RECORDS below:
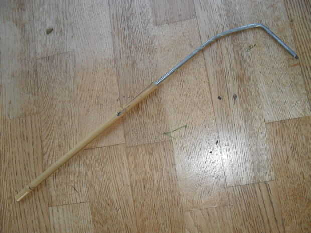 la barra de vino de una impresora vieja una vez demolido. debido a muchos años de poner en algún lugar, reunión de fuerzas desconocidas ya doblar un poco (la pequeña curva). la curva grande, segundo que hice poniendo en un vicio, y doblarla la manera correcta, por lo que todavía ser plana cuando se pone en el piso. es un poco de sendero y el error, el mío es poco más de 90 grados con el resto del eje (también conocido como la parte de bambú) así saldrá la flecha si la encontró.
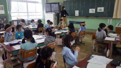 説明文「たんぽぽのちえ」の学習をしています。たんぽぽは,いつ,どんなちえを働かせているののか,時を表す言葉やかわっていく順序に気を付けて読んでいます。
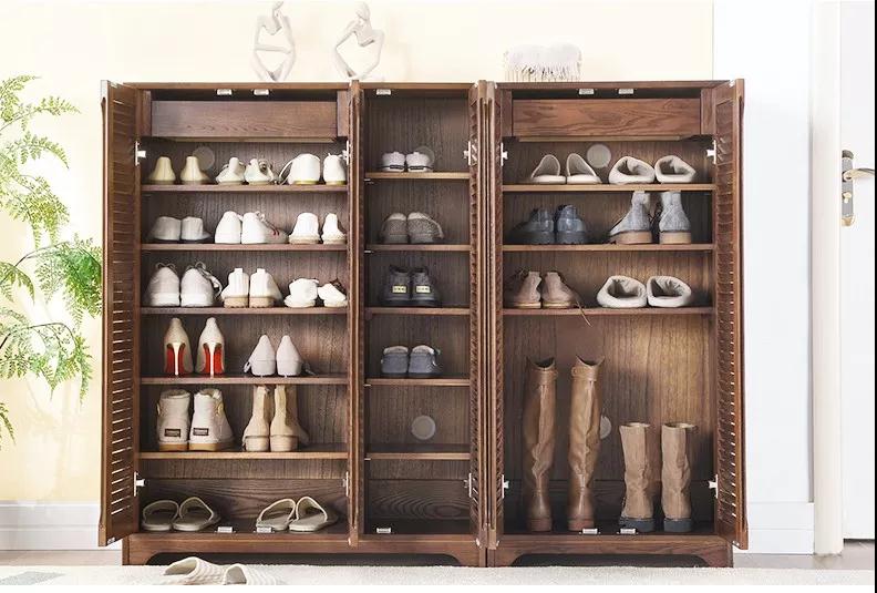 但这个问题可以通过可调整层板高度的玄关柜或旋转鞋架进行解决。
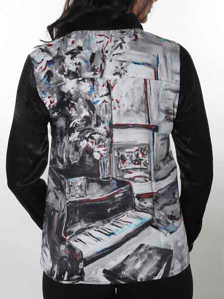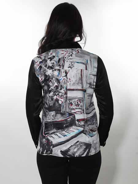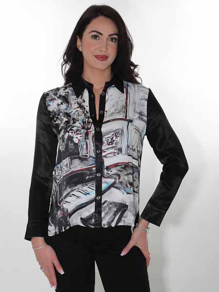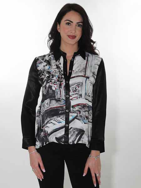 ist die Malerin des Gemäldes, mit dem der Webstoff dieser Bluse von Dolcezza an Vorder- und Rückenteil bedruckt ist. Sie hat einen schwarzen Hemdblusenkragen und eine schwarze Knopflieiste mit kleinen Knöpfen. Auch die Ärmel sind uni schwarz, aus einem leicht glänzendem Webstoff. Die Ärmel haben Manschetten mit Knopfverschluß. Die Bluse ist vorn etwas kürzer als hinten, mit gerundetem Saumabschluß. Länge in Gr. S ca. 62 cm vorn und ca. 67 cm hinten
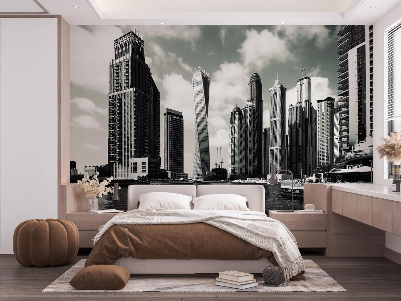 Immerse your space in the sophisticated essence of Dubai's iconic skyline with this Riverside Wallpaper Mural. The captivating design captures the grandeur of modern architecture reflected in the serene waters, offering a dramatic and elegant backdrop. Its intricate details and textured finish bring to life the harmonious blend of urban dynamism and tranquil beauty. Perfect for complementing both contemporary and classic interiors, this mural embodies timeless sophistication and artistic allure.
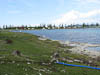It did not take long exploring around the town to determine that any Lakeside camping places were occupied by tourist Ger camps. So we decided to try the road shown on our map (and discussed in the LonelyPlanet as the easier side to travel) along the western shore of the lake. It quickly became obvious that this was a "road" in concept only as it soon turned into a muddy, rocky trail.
End of RECORDS.
RECORDS below:
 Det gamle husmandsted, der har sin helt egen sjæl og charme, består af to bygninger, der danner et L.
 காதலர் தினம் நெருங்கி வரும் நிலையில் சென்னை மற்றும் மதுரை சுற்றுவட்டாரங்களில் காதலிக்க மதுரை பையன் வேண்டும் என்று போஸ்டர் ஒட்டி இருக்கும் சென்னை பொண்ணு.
End of RECORDS.
RECORDS below:
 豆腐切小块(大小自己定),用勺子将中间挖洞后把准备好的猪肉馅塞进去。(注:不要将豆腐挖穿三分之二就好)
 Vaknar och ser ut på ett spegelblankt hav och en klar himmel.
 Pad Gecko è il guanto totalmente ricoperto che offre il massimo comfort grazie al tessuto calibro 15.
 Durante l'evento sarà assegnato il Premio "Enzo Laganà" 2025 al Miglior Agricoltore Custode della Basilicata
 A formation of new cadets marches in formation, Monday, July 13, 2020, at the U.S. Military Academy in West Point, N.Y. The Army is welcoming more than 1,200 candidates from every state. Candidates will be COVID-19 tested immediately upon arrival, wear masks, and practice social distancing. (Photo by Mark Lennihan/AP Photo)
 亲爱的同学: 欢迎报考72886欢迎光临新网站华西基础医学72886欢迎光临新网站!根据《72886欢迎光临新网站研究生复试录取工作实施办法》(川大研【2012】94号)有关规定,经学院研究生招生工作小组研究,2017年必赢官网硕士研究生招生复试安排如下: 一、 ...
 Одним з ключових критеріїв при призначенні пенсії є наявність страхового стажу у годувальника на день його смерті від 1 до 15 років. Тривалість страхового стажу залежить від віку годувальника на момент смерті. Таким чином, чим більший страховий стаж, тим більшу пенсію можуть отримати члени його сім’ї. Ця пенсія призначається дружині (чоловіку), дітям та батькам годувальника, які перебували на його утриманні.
End of RECORDS.
PROBLEM STATEMENT -
Reproduce exactly the stretch of the material above that starts at the line with "Vaknar och ser" and ends at the line with "A formation of", both included, and nothing else.

ANSWER TO THE PROBLEM -
 Vaknar och ser ut på ett spegelblankt hav och en klar himmel.
 Pad Gecko è il guanto totalmente ricoperto che offre il massimo comfort grazie al tessuto calibro 15.
 Durante l'evento sarà assegnato il Premio "Enzo Laganà" 2025 al Miglior Agricoltore Custode della Basilicata
 A formation of new cadets marches in formation, Monday, July 13, 2020, at the U.S. Military Academy in West Point, N.Y. The Army is welcoming more than 1,200 candidates from every state. Candidates will be COVID-19 tested immediately upon arrival, wear masks, and practice social distancing. (Photo by Mark Lennihan/AP Photo)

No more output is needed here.